You will be given eyedrops to use for the next five days

Risks
Do not worry about the size of the hole in your iris. Neither you nor your friends will notice it. It is usually placed in a portion of the iris which is covered by your upper eyelid. The size of the iridotomy is only that of a pin head.
Remember that the creation of a laser iridotomy is both safe and effective. There are a few risks.

  • Bleeding. A small amount of bleeding from the iris is quite common and usually stops in less than a minute with brief pressure against the eye.
  • Elevated intraocular pressure. Usually transient and brief, a rise in IOP may require additional medication.
  • Intraocular inflammation and formation of adhesions between the iris and lens. Anti-inflammatory drops are used post-treatment to avoid this.
  • Corneal abrasions can occur during removal of the iridotomy lens. These are painful but heal quickly and are generally benign.
  • Halos, glare, double vision. Light passing through the iridotomy may occasionally cause glare or frank double images. The greatest risk of these symptoms occurs when the iridotomy is placed near the upper eyelid margin. Care is taken to place the iridotomy in a position that is well-covered by the eyelid, avoiding these problems.
  • Failure to complete the iridotomy. In patients with very thick irides, an iridotomy might not be completed during a single visit. In such cases, a second treatment is performed on another day to finish the procedure.


Part 3: Day of procedure

ICL IMPLANTATION
This takes about 20 minutes and is performed at our own Day surgical centre.

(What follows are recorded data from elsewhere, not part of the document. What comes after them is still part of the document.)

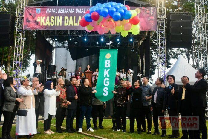 Kota Salatiga – Ketua DPRD Kota Salatiga Dance Ishak Palit, M.Si bersama Anggota Komisi C DPRD Bonar Novi Priatmoko, S.H mengikuti Ibadah Natal Bersama ribuan Umat Kristiani se-Kota Salatiga di Alun-Alun Lapangan Pancasila, Senin (25/12/2023).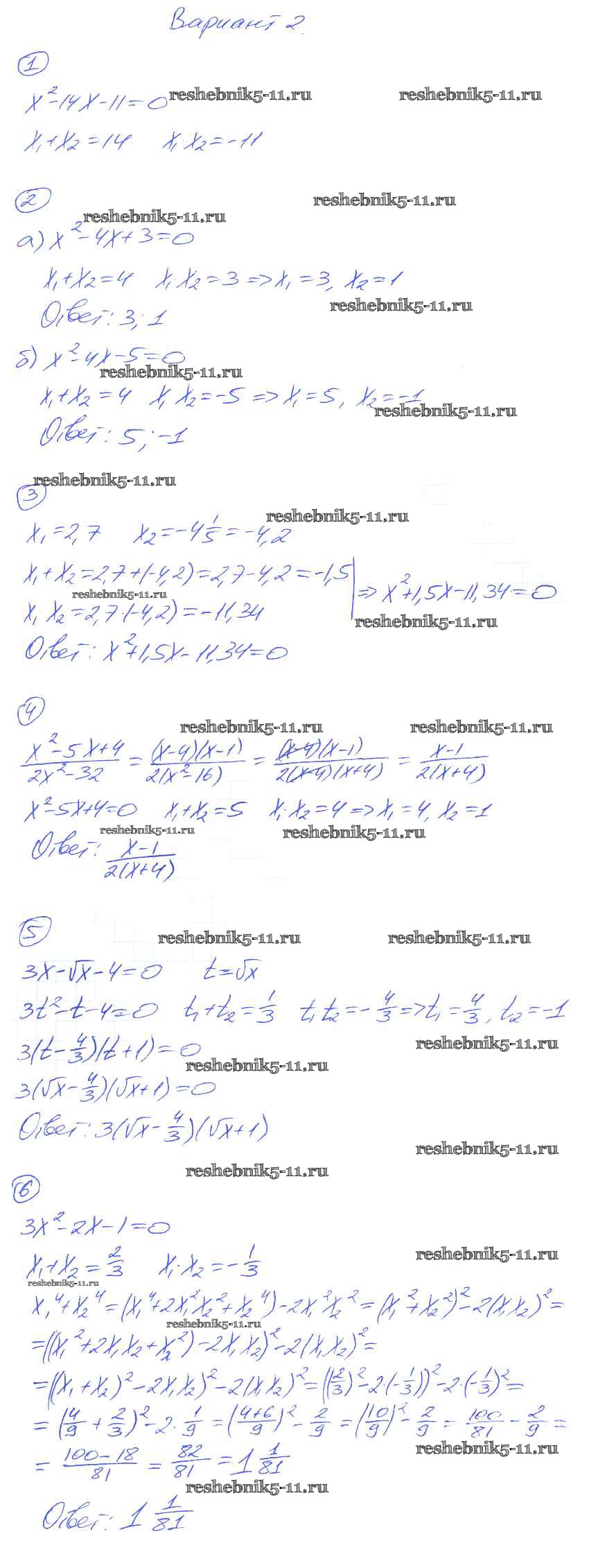 Готовая домашняя работа с ответами по Алгебре за 8 класс Попов Дидактические материалы УМК Экзамен 2014 ФГОС - СР-29. Теорема Виета вариант-2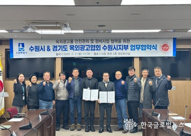 (한국글로벌뉴스 - 박소연 기자) 수원특례시와 경기도 옥외광고협회 수원시지부가 2일 시청 영상회의실에서 ‘옥외광고물 안전관리 강화를 위한 업무협약’을 체결하고, 협력을 약속했다.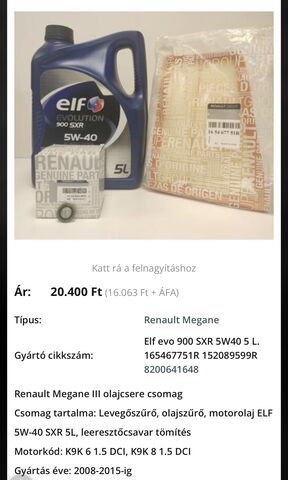 Az autó 2009 Renault Megane grandtour 1.5 dci, viszont k9k7 motorkódú. Esetleg másik szett után kell néznem?Még egy kérdés, a váltó olajról nem találtam semmit, tudnátok ebben segíteni?

  • Dilating eyedrops would be applied before the procedure.
  • You have the choice for the implantation to be performed under local anaesthetic eye drops alone or combined with oral or intravenous sedation. For those who prefer you can have it done under general anaesthetic. The procedure is not uncomfortable or painful. This should be decided at time of first consult.
  • You will be lying down during the procedure. It is a relaxed atmosphere and you can communicate with the doctor. You will be told to stay fairly still only during certain parts of the procedure.
  • You do not have to worry about your eyes blinking or moving during the procedure
  • Iodine is used to keep your eye sterile
  • A small drape keeps your eye clean
  • A small incision is made in the cornea-scleral junction
  • The ICL is Inserted of your eye between the iris (the colored part of your eye) and the natural lens
  • The small incision acts like a self sealing valve and usually no stitches are necessary
  • Following surgery, you will use antibiotic drops for 2 weeks. The day after surgery, you will return to the clinic for a follow-up visit.